This is what we expected for the transition to metallic hydrogen.
To show that it was, indeed, atomic metallic hydrogen, we measured the reflectance as a function of wavelength and fitted this to a Drude free-electron model of a metal to determine the plasma frequency. From the plasma frequency and the molar volume of the sample, we determined that the density of the electrons corresponded to one electron per atom—the mark of atomic metallic hydrogen.32 The Wigner and Huntington form of atomic metallic hydrogen was produced for the first time in the laboratory—and for the first time in the universe.
The dark hydrogen observed at high pressures, we speculated, came about when the electronic bandgap was closed, so that hydrogen became semiconducting and absorbed light via valence band transitions.33 We measured the integrated transmission in the infrared and showed that the sample was opaque in this region for pressures above 420 GPa. To determine the pressure, we used calibrated absorption lines in the infrared up to about 335 GPa. Thereafter, infrared absorption was difficult to measure as the sample darkened. Rather than use the shift of the diamond phonon in the stressed part of the diamond, which required laser power, we used an inhouse technique that we have maintained for years. Our DACs are equipped with strain gauges that measure the force or load applied to the gasket and sample. We have found that pressure is proportional to load, which in our case is proportional to the turn of a screw. In this way, we achieved 495 GPa. At this pressure, we measured the pressure using the diamond phonon scale: it agreed with our earlier determined pressure, and the diamonds survived.34
Our techniques did provoke a few critiques in the literature, all of them answered in detail.35 None challenged our claim to have observed the reflectance of metallic hydrogen. Some questions were raised with respect to our claim to have achieved pressures of ~500 GPa where others had failed. It is entirely reasonable that critics asked that our observation should be reproduced.
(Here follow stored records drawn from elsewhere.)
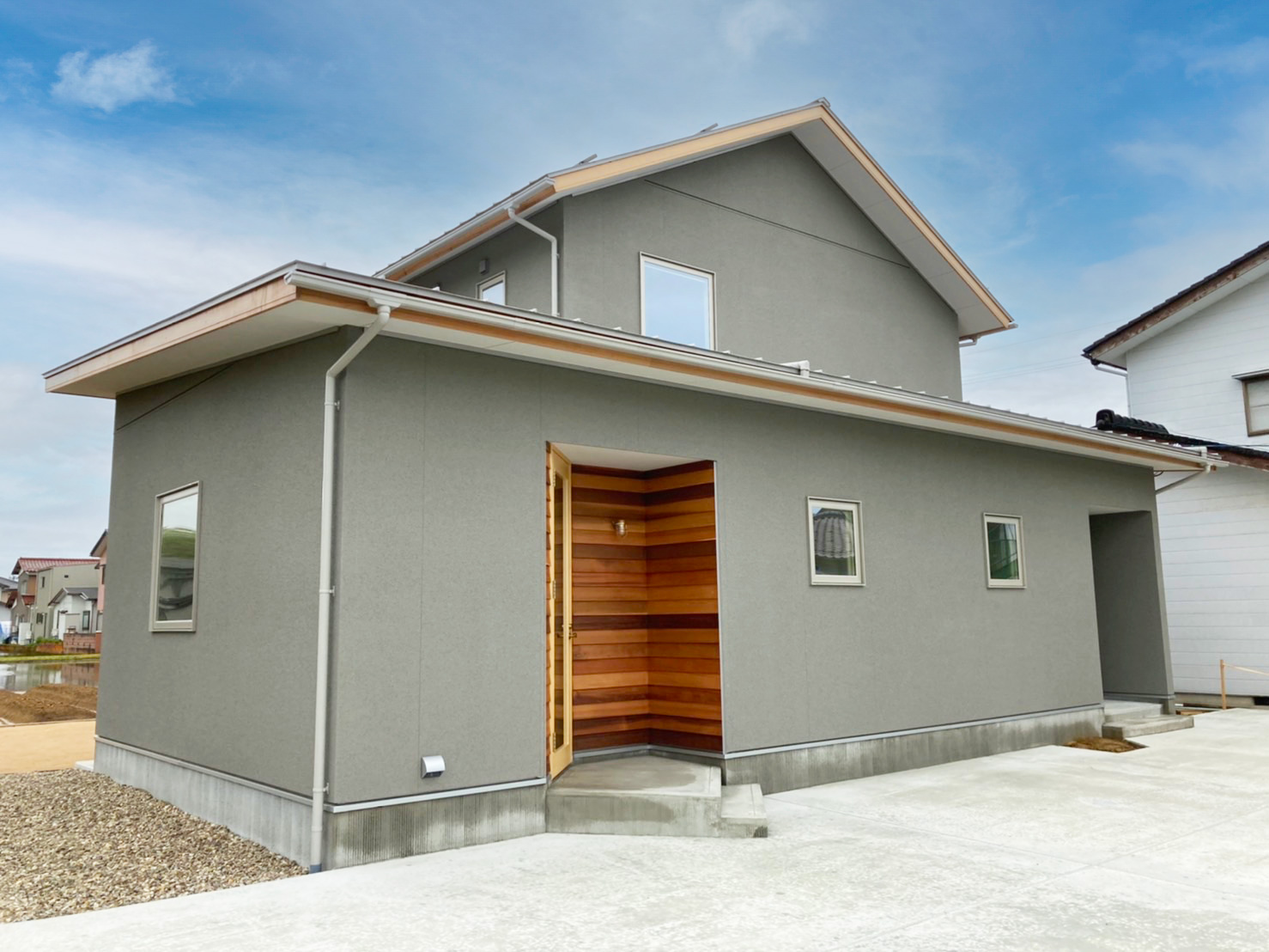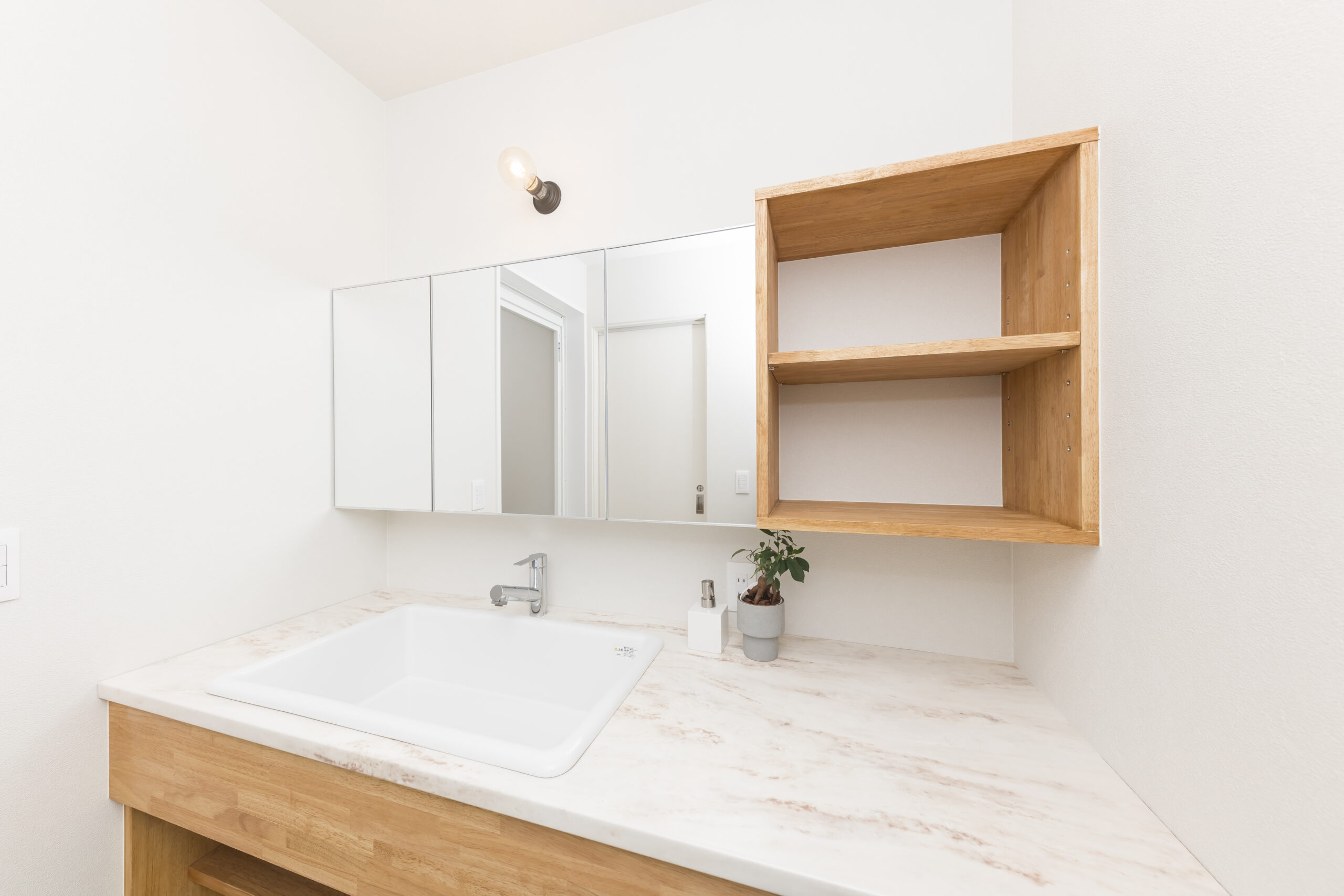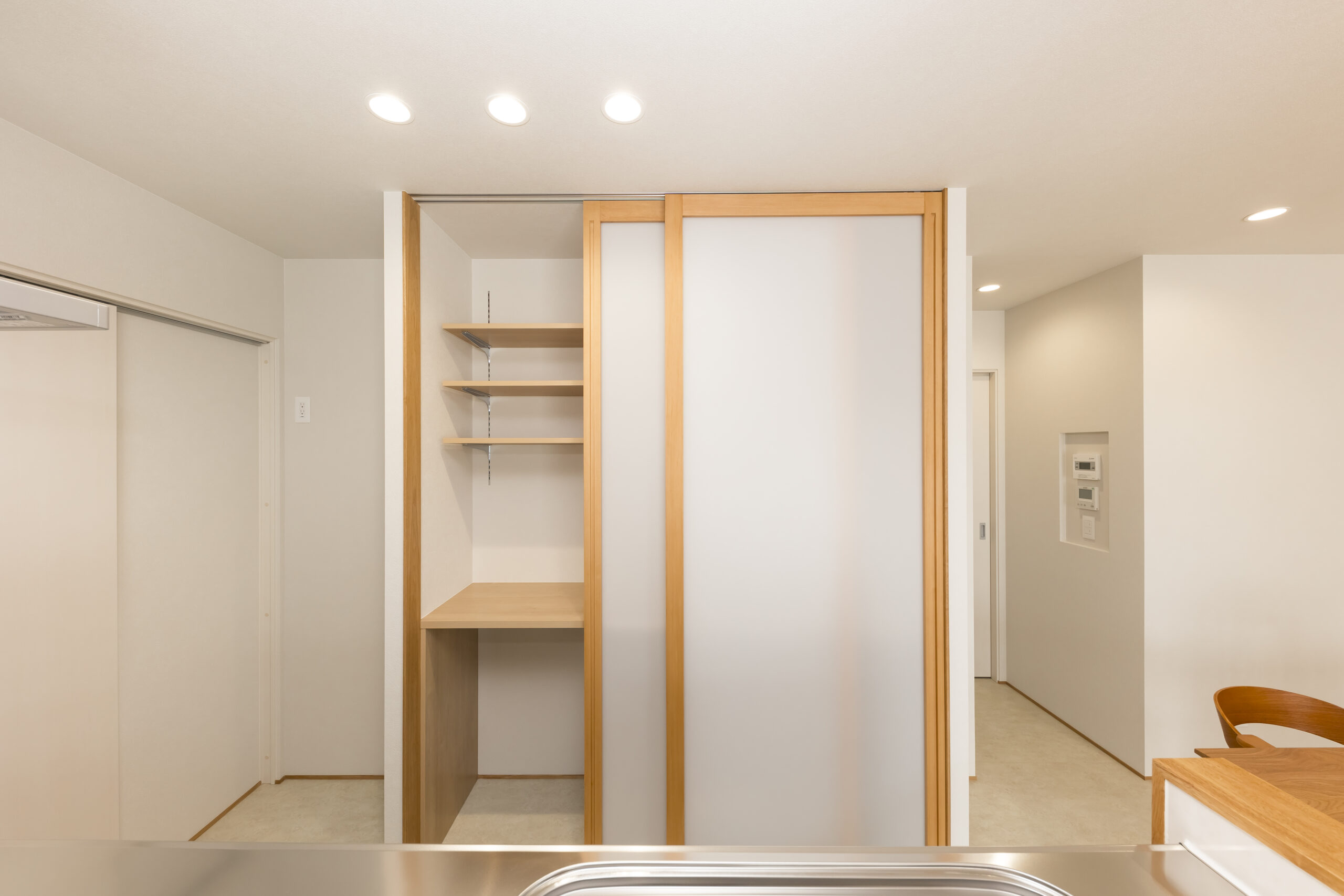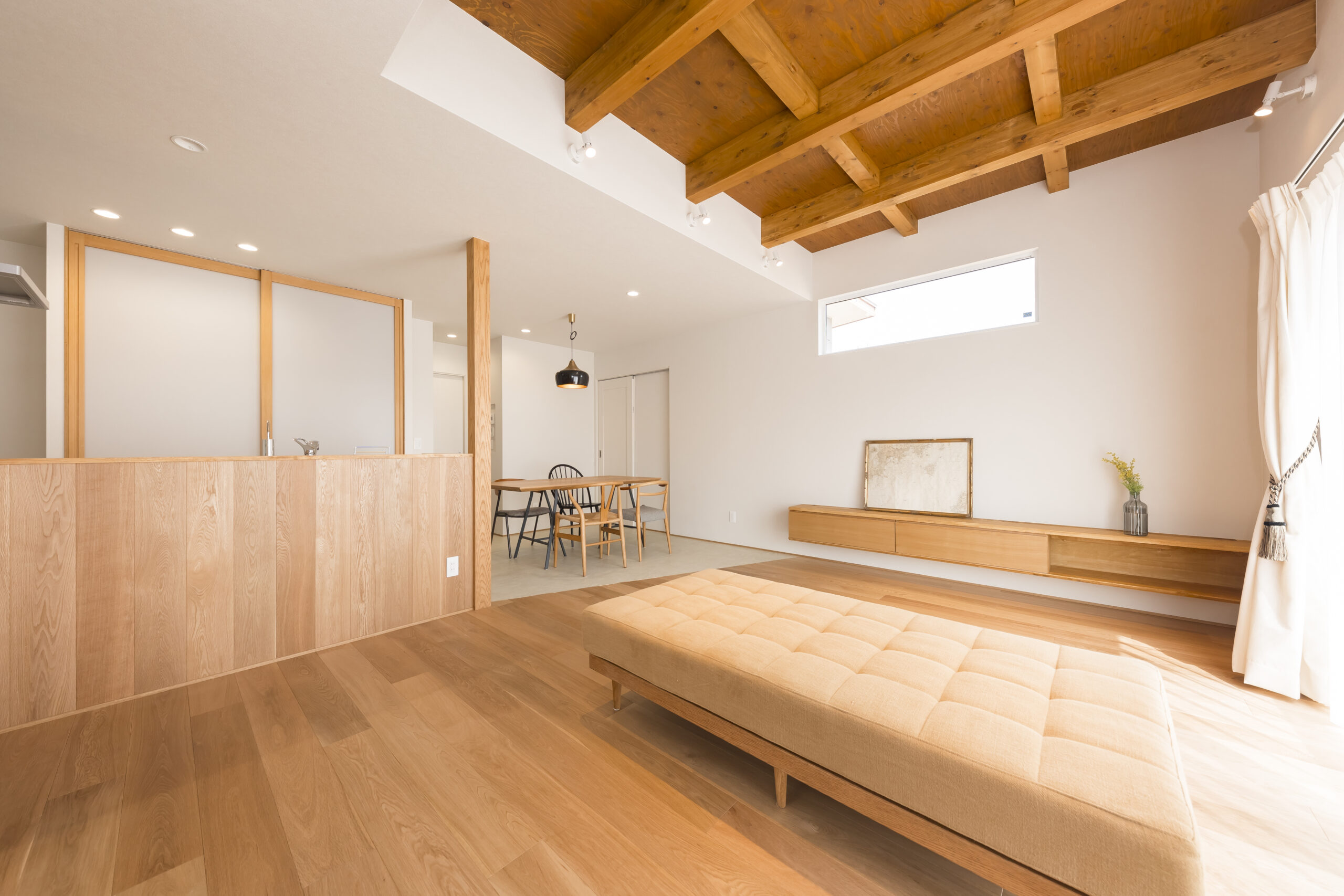1階に奥様のサロンを併設した住まい。LDKや水回りも1階に集約し、暮らしの重心を1階に置いた設計が特徴です。仕事と家事を両立しやすいよう、日々の負担を軽減する間取りとしました。LDKは構造現しとすることで、木の温もりを感じられる心地よい空間に。キッチン背面の収納はハイドアで隠す仕様とし、生活感を抑えたすっきりとした印象を保ちます。サロン空間は、家具や小物が美しく映えるよう明るい床材を採用。天井の構造材がより引き立ち、上質で落ち着きのある雰囲気を演出しています。住まいの名前は「sense」。オーナーのセンスと、桐工房が得意とする木を活かした家づくりが共鳴して生まれた住まいです。
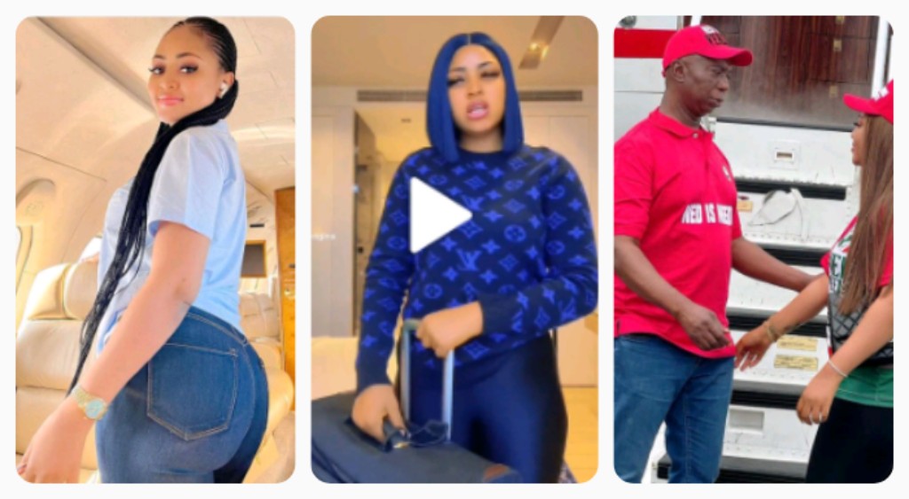 In the video, Regina Daniels dramatized the popular sound, which says anytime she tries to leave her husband after a big fight, she changes her mind, because he’s a good man, trying to leave a bad situation.
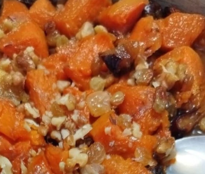 Печете около 40–50 минути, докато тиквата омекне и се появи лек карамелен сос.
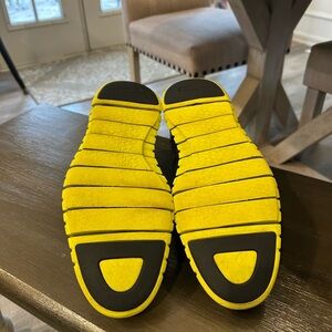 Stylish brown leather men's shoes featuring a vibrant yellow sole. Perfect for adding a pop of color to your outfit.lightweight shoe.
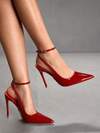 CUCCOO BIZCHIC Women's Pointed Toe Stiletto High Heel Slip-On Pumps, Low Vamp With Ankle Strap, Party & Spring Shoes For Christmas Spring Shoes
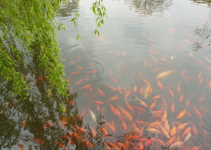 還有種說法:“花港觀魚”四字為清康熙皇帝手跡。康熙一生崇信佛教,向有“佛爺”、“善人”之稱。他孫子乾隆爺也崇尚“好生之德”。然而,在漢字里,三點為水,四點為火。繁體“魚”字底部的四點,本為火字,魚遇水而生,遇火必死。皇帝不忍見魚死,便將碑文中“魚”字底部的四點改寫成了三點,意在讓魚永遠歡快地生活在水里,以示皇恩浩蕩,澤被萬物之意。這也給后人留下了一段有趣的典故。
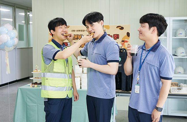 구미천연가스발전소 건설 현장은 주변에 카페 하나 찾기 힘든 곳이라 달콤한 쿠키와 시원한 커피를 들고 현장을 찾았을 때 구성원들의 반응은 더욱 뜨거웠다. 응원의 메시지를 담은 현수막과 알록달록한 풍선은 분위기를 한층
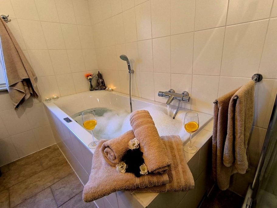 Es verfügt über drei gemütliche Schlafzimmer, ein stilvolles Badezimmer mit Whirlpool-Badewanne und separater Dusche sowie einen hellen Wohnbereich mit Kamin und großem Flachbild-TV.
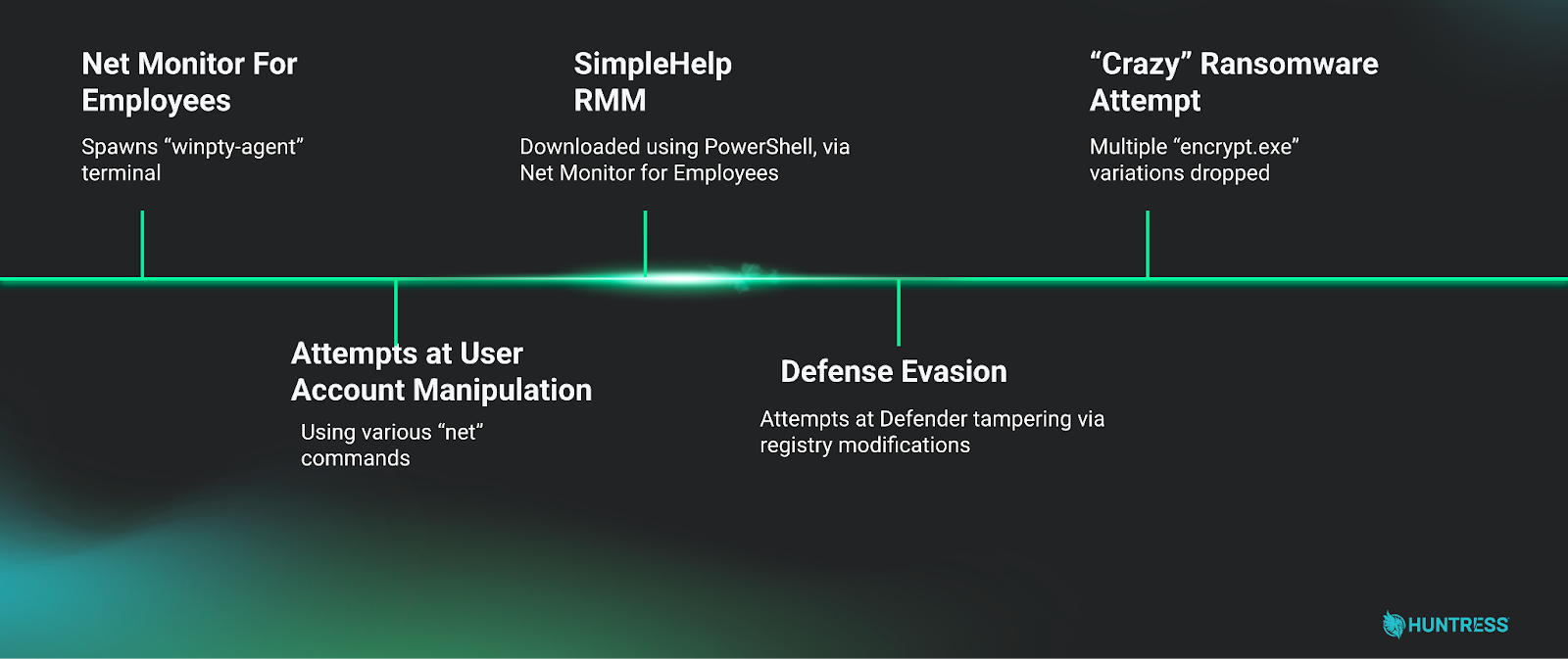 In this case, a relatively complete picture of the intrusion was able to be built from limited telemetry, despite incomplete Huntress EDR agent coverage for the victim network.
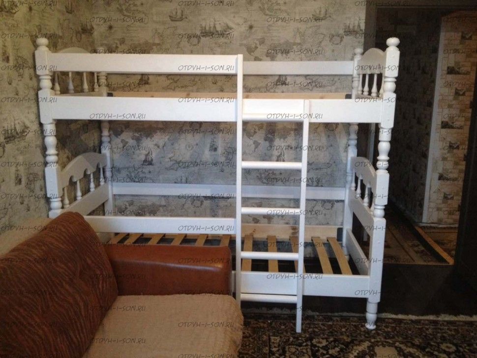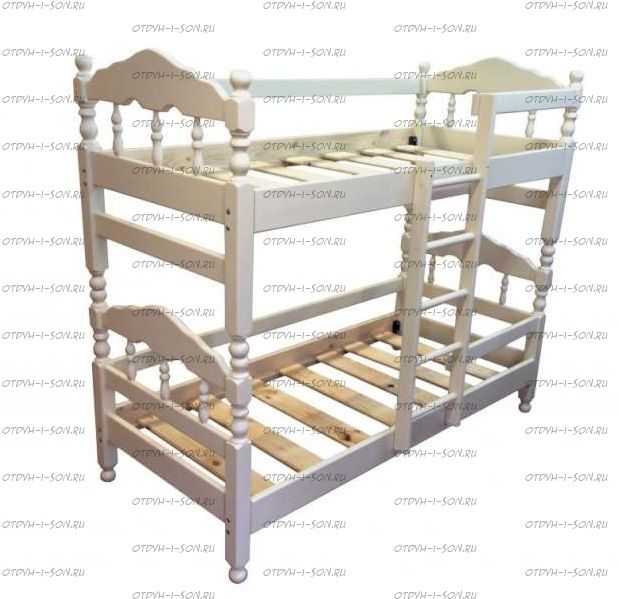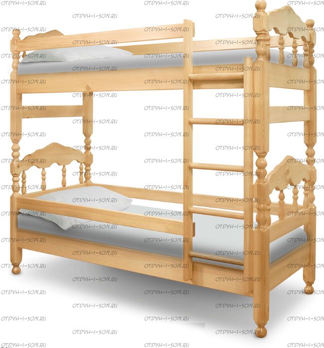 Кровать двухъярусная Комплектация модели: Спинка 4 штуки, Царга 4 штуки, Планка 4 штуки, Лестница 1 штука, Подматрасники 2 комплекта, ДВП 2 штуки Характеристики: Размер спального места: Длина спального места: 160 см., 170 см., 180 см., 190 см., 200 см. Ширина верхнего спального места: 70 см., 80 см., 90 см. Ширина нижнего спального места: 70 см., 80 см., 90 см. Изголовье: 190/95 см. Изножье: 190/95 см. Высота спального места: 45/152 см. Расстояние между ярусами: 87-89 см. Ширина лестницы: 45 см. Спинка: массив сосны, березовая мебельная фанера 12 мм. Каркас: массив сосны Основание: поперечные брусья массив, ДВП 4-5 мм. Ящики каркас: березовая фанера 12 мм, дно ДВП 4-5 мм, выкатная система (4 колесика) - к кровати не фиксируется Ящики фасад: березовая мебельная фанера 12-16 мм, массив сосны Покрытие: Sayerlack (Италия), Renner (Италия) Внимание: возможно увеличение высоты бортиков кровати! Цвет: орех, бук, венге, груша, дуб, каштан, клен, красное дерево, махагон, ольха, сосна, белый (эмаль), слоновая кость (эмаль)
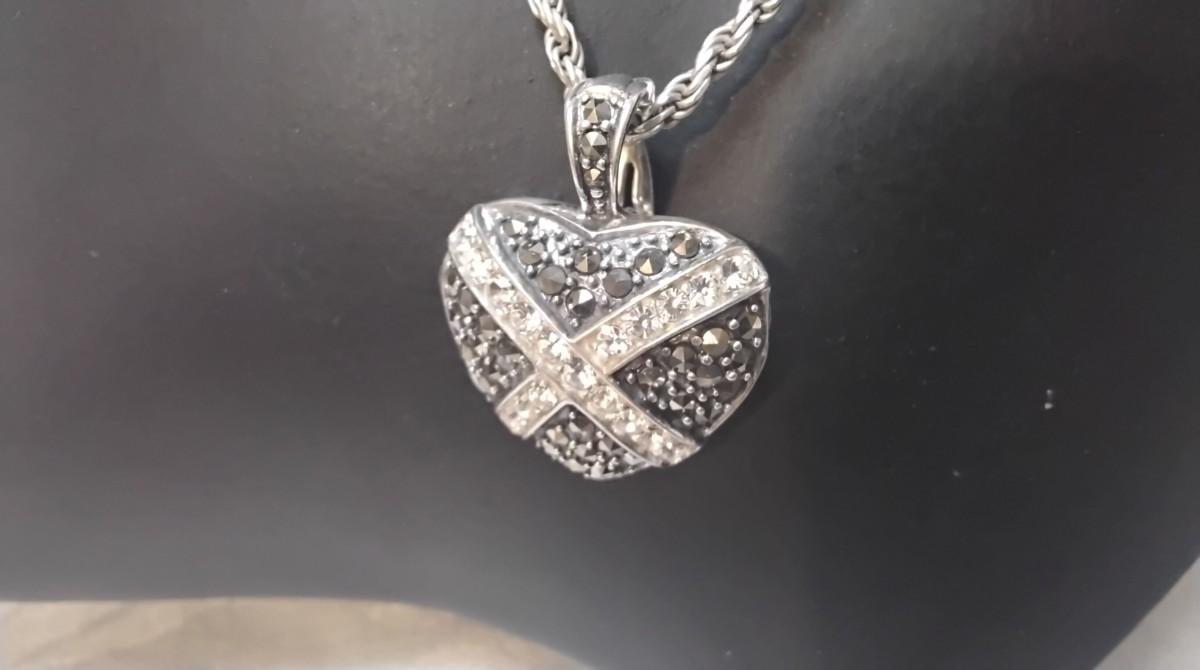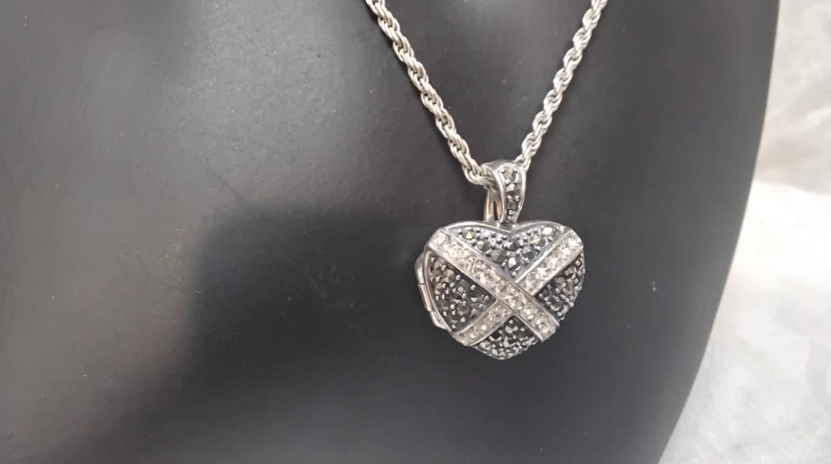 Stunning Vintage Marcasite Locket 24" 925 Necklace
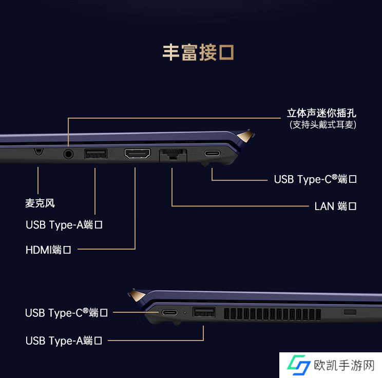 此外,该机配备14英寸2560x1600分辨率触摸屏幕,内置920 万像素摄像头;机身左侧配备1个USB4接口、1个 USB-A 3.0接口;右侧配备1个 USB-A 3.0接口、1个 3.5mm音频接口、1个 HDMI接口、1个 RJ45 接口、1个 USB4接口。

Eremets et al. almost achieved this, attaining a pressure of 480 GPa and measuring electrical conductivity up to 440 GPa.36 We have analyzed their data and shown that the resistance of their sample was approaching metallic values as the pressure approached 500 GPa.37
We stand behind our experimental claim.
Recently, Loubeyre, Occelli, and Paul Dumas (LOD) studied a sample of hydrogen in the infrared using synchrotron radiation; they claim that, in all likelihood, they produced metallic hydrogen.38 LOD did not actually measure any metallic properties of their sample, such as reflectance and conductivity, and they reported a maximum pressure of 427 GPa. At this pressure, the integrated intensity of the infrared transmission goes to zero. Without further evidence, LOD claim that their sample is metallic molecular hydrogen due to the closure of the bandgap; thus not the Wigner–Huntington transition to atomic metallic, but molecular metallic. Blackening in the infrared is the same observation that we made earlier in our infrared measurements at around 420 GPa,39 and we speculated that the hydrogen was semiconducting. LOD’s observation is not a new result, but a confirmation of our own, albeit with a different interpretation. In their paper, LOD also state that the sample turns black in the visible region at 310 GPa, whereas in earlier papers they reported the same observation at 320 GPa and 300 GPa—a rather large variation of pressure for the blackening in different samples.40
A common practice in physics is to submit a paper to a journal and simultaneously post it on arXiv.41 In 2019, LOD posted an article on arXiv claiming to observe metallic hydrogen at a pressure of 427 GPa.42 We found this paper flawed and posted a comment to that effect.43 LOD’s paper went through peer review and was eventually published with a change in the title to “…Probable [emphasis added] Transition to Metal Hydrogen.”44 In analyzing their revised paper, we still encountered problems. LOD neglect to measure any properties of hydrogen, such as reflectance, that could be interpreted in terms of metallization. Their samples are quite small, around 5 microns across. They observe hydrogen to become black in the visible region at 310 GPa and nontransmitting in the near-infrared region at 427 GPa: it is this they claim as metallic molecular hydrogen. Using data from Eremets et al. who claim hydrogen may be semimetallic,45 LOD estimate the plasma frequency to be smaller than 0.1 eV, which is in the infrared (wavelength ~12 microns). According to the Drude free-electron model, a metal becomes transparent at frequencies higher than the plasma frequency.46 Transmission through metals above the plasma frequency is not unusual: years ago high-pressure xenon was observed to be semimetallic and it transmitted light in the visible.47
If LOD’s interpretation is correct, their sample should be transparent in the visible region.48 Their sample is black and nontransparent, even at lower pressures. There are further problems. It is remarkable that LOD did not measure the reflectance of their sample in the visible and infrared regions, since this could establish their case. They base their claim of metallization on someone else’s work: the assertion of hydrogen being a semimetal by Eremets et al. who measured the electrical resistivity—that is, the inverse of conductivity—of their sample at high pressure and down to low temperature.49 In an earlier study, Eremets et al. studied metallization of xenon down to temperatures of 27 mK.50 They correctly stated that the condition for metallization is dR/dT > 0 in the limit T → 0 K, where R is resistivity and T is temperature.51 In Eremets et al.’s study of hydrogen, the resistance has a negative slope: dR/dT < 0 as T → 0 K,52 yet they claim that hydrogen is semimetallic in this regime.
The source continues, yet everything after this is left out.